A hands on approach is what a group of Californian teachers like to use, they are using what they call “manipulatives”, toys and tools to help their students to learn, by using 3D printing education techniques. A group of developers from the MIND Research Institute, which is a not-for-profit educational group based in Irvine, California, are helping out by building the “manipulatives” for the teachers while also saving money at the same time.
MIND says that a single year of their ST Math educational technology program can have a significant impact on the students in the classroom.

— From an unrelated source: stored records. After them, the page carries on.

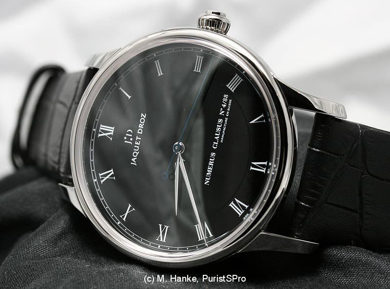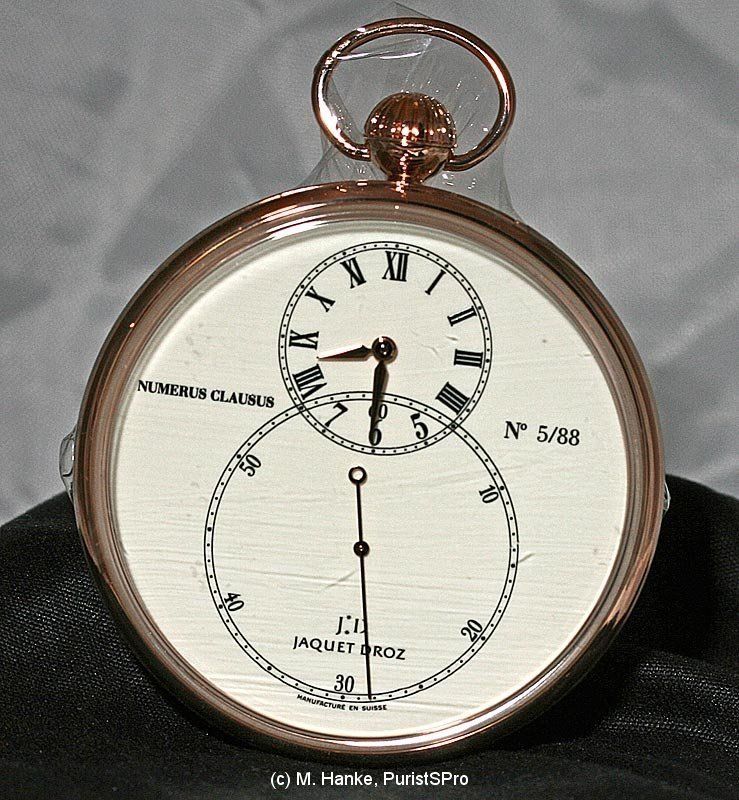 Finally? But no, there is one other novelty, and this one is my personal 2009 Jaquet Droz favourite: Called "L'Origine Email", this watch is JD's concession to a more difficult economic situation. The "L'Origine" is simply a simple beauty, a watch without any ornaments or complications, but the concentrate of Jaquet Droz' virtues. The finely finished Piguet selfwinding movement powers a watch with only three hands, hour, minute and a big central sweep second. The case material is limited to stainless steel, with a diameter of 43mm. Dials are in either ivory or black plain enamel, limited to 88 pieces each. Hands are in white gold or blued steel. This watch is offered at a price that is far outside the level JD watches normally are positioned in: 9,990 Swiss Franks. For me, this is one of the most beautiful watches I have seen at the entire fair, and I am heavily thinking about acquiring one.
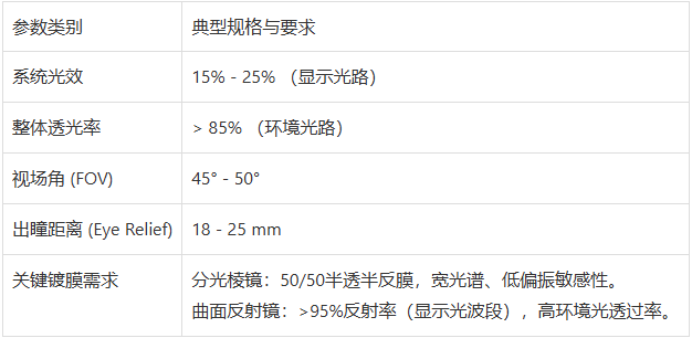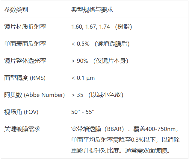 目前,市场主流的光学方案主要对应四大核心镜片类型:组合式棱镜镜片、自由曲面树脂镜片、阵列光波导平板镜片与衍射光波导镜片。每一种镜片都代表着独特的光学设计哲学、材料科学应用,并伴随着极其严苛的镀膜工艺要求,共同塑造了从消费级到专业级AR设备的视觉体验鸿沟。
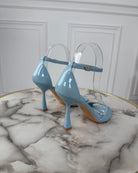 Sandali in vernice con fascia larga , interno in ecopelle , chiusura con cinturino e tacco a rocchetto di 10 cm
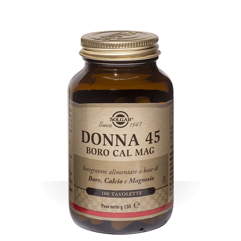 Dopo i 40 anni di età risulta particolarmente importante per la donna prendersi cura del proprio corpo sostenendolo con l’integrazione di minerali che favoriscono il benessere di questa nuova fase della vita. DONNA 45-BORO CAL MAG è un integratore alimentare a base di Calcio, Magnesio e Boro. Il Calcio ed il Magnesio sono minerali utili per mantenere la salute di ossa e denti. Il magnesio inoltre contribuisce al normale funzionamento del sistema nervoso, alla normale funzione psicologica e alla riduzione della stanchezza e dell’affaticamento.
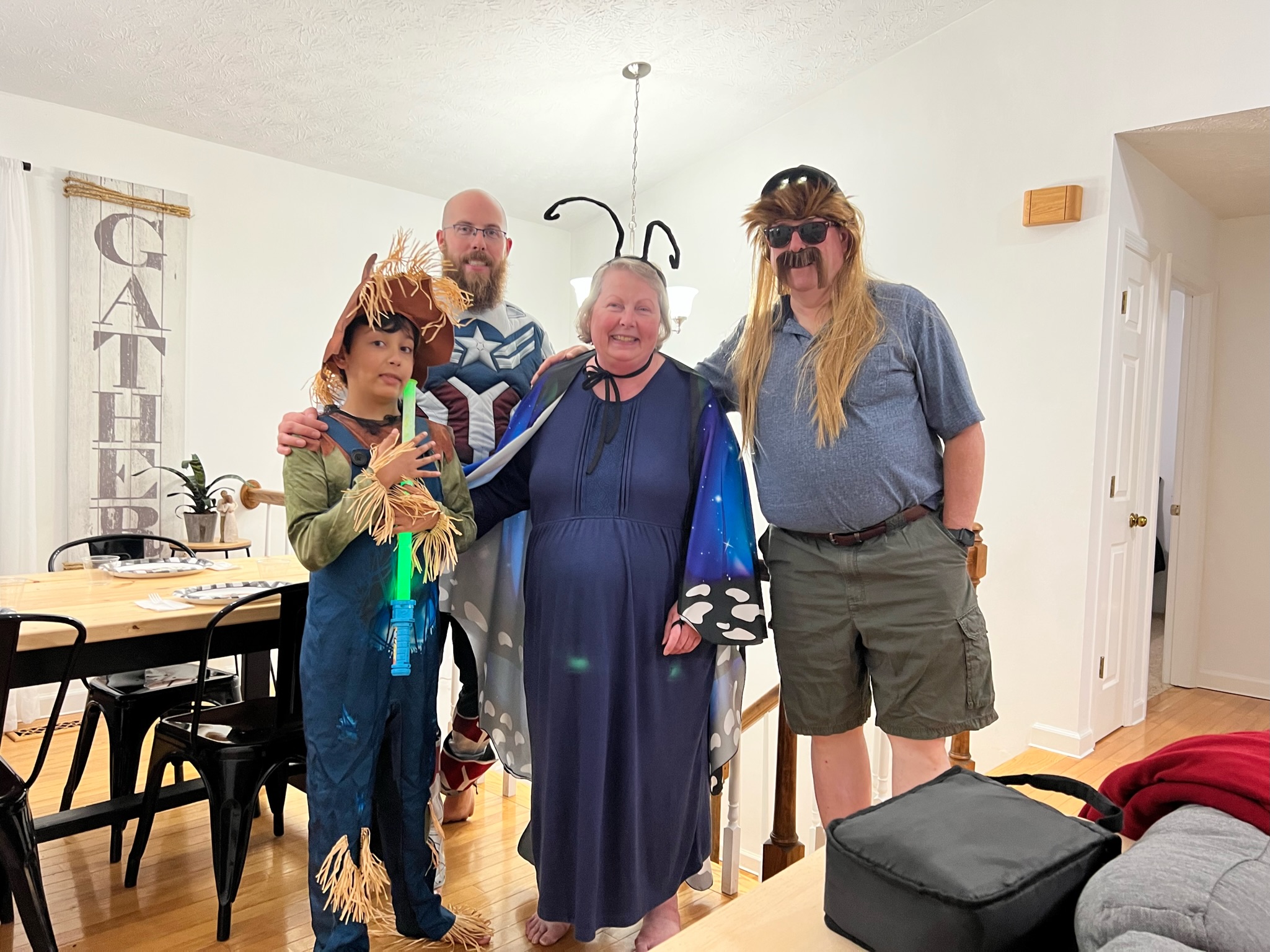3. Family dress-up party. When the pandemic closed down the usual places my son and daughter-in-law used to take my grandson trick-or-treating, they asked if we could have a family party on Halloween night. We’ve done that ever since. Here are our costumes for this year:
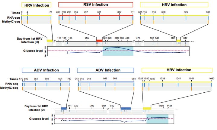 该研究监测一位54岁男性志愿者共1124天(监测期间共经历6次病毒感染,2次血糖浓度升高),记录了其各时间点的健康参数,并基于PBMCs获得57组RNA-seq数据,28组MethyIC-seq数据。
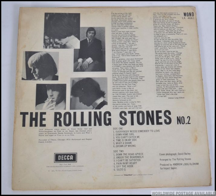 The Rolling Stones No 2 Censored paste over cover. Mono LK 4661 Released 1964 Etched / Stamped XARL - 6619 - 1A on side 1 Etched / Stamped XARL - 6620 - 1A on side 2. The vinyl has surface scratches to both sides but still plays well, the sleeve shows creases and the glue has come unstuck to the top.
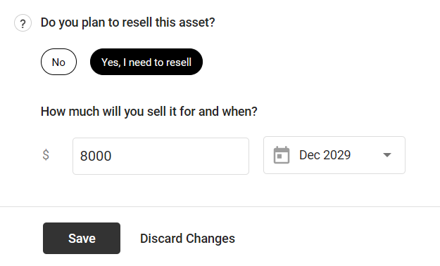 Finally, if you chose " One-time amount" on the previous step of the overlay, you'll see an option that asks you to indicate whether you plan to sell this asset during the period covered by your forecast, and if so, when:
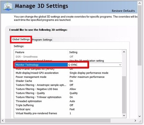 - Under Global Settings, make sure the Monitor Technology is set to G-Sync. In the event that it’s set to Fixed Refresh Rate, switch it to G-Sync.
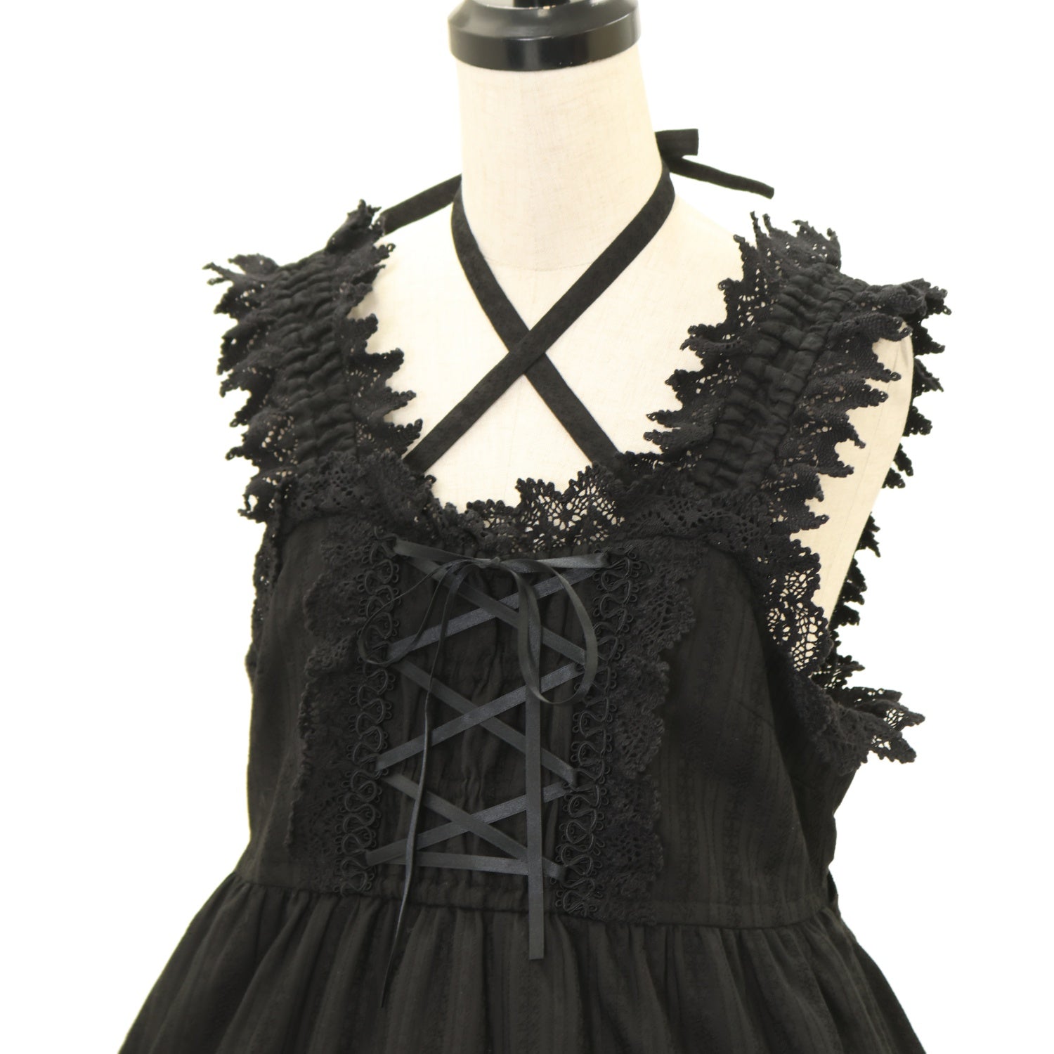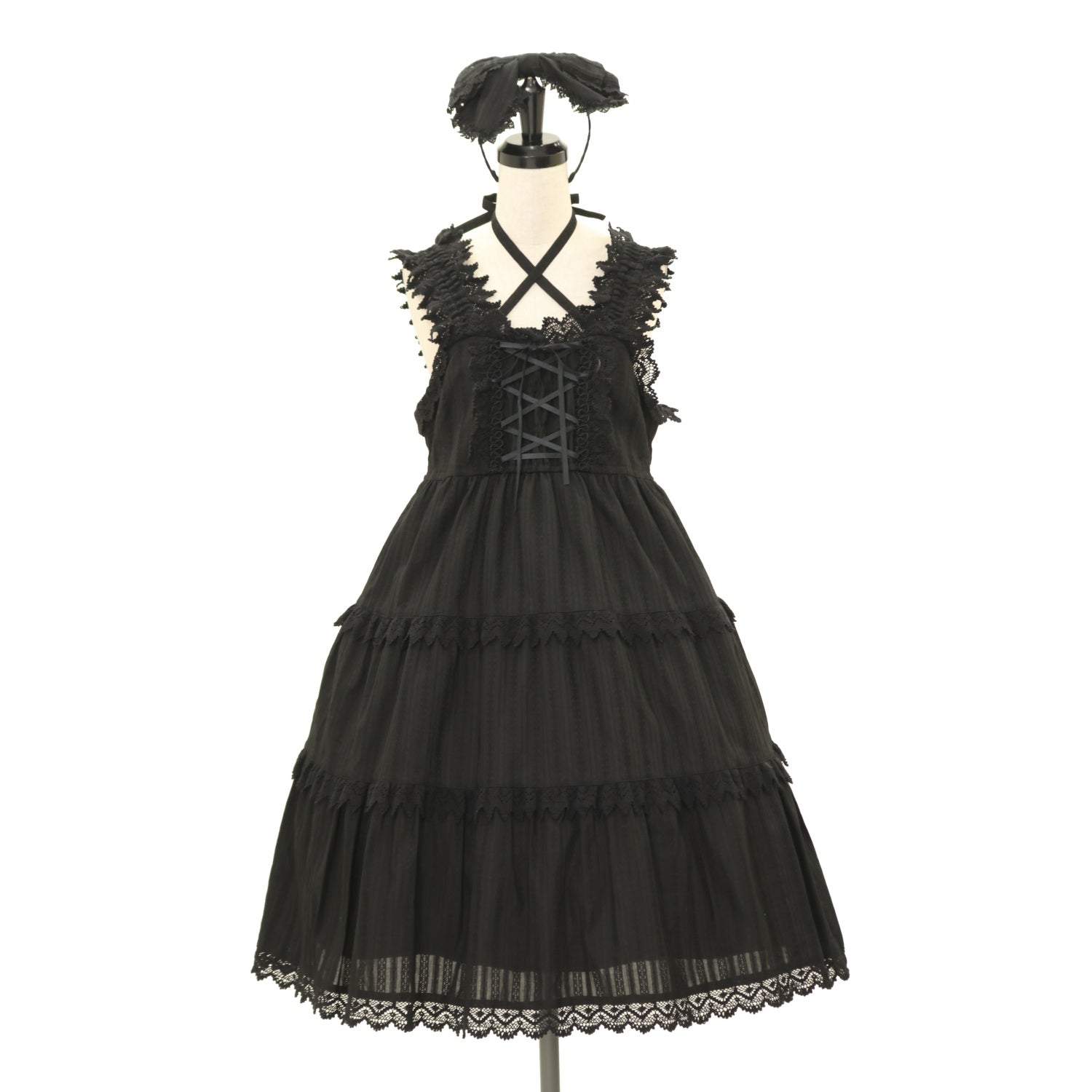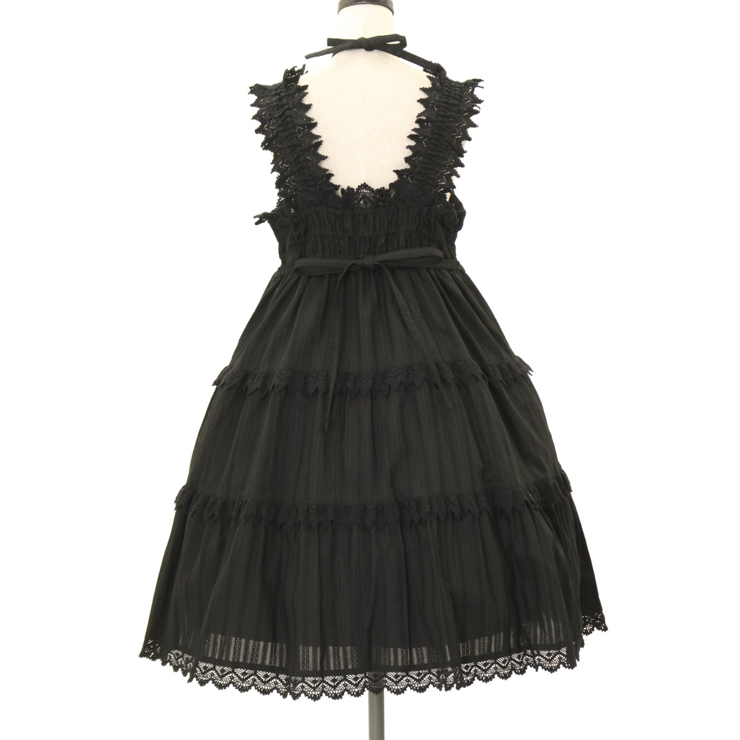 【USED】からみ3段ティアードジャンパースカートセット(黒×黒)
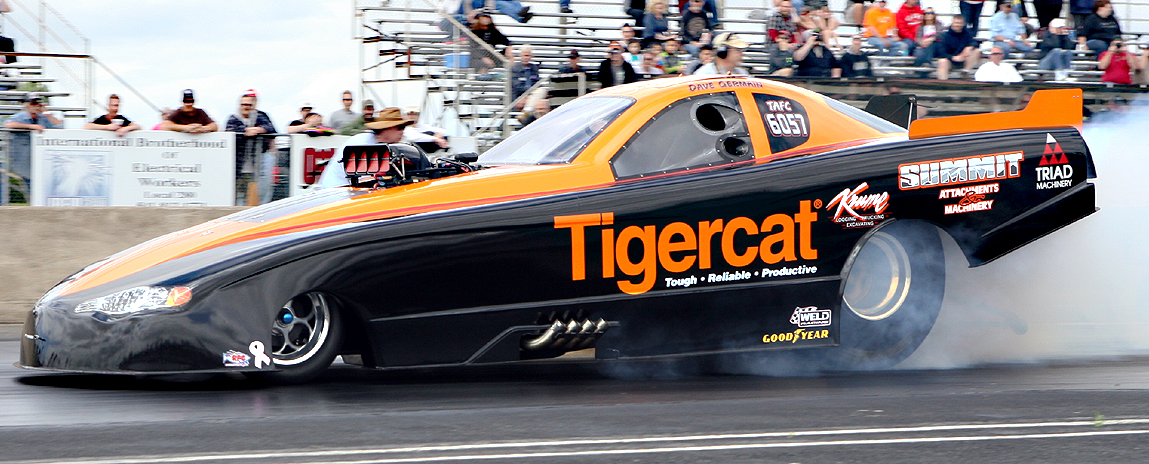 “We keep thinking we have it figured out, and we keep finding out we don’t,” says Germain, veteran driver of the Tigercat Top Alcohol Funny Car and a retired firefighter with the patience of Job. “You drive away from the race track Sunday and ask yourself, ‘What the hell did we do wrong?’ ”

They also said that one school performing at the 50th percentile started performing in the 66th percentile, according to a recent study conducted by WestEd, an independent education research firm.
The study was based around information from 209 students ranging from 2nd grade to 5th grade and more than 19,900 students from 129 schools in California, who full implemented the program.
The MIND Research Institute’s six-person content development team works on building teaching tools to assist students with the necessary conceptual help for understanding math concepts.
There are many ways a 3D printer can help students’ conceptual understanding of fundamental and complex mathematics says Meagan Mead of MIND. “A 3D printer is a perfect example of an input/output system, where a completed printed product demonstrates that it’s made of a network of ‘x,y,z’ coordinates creating the structure of an object, and the technology can show students concepts like how to intersect a plane with a cube.”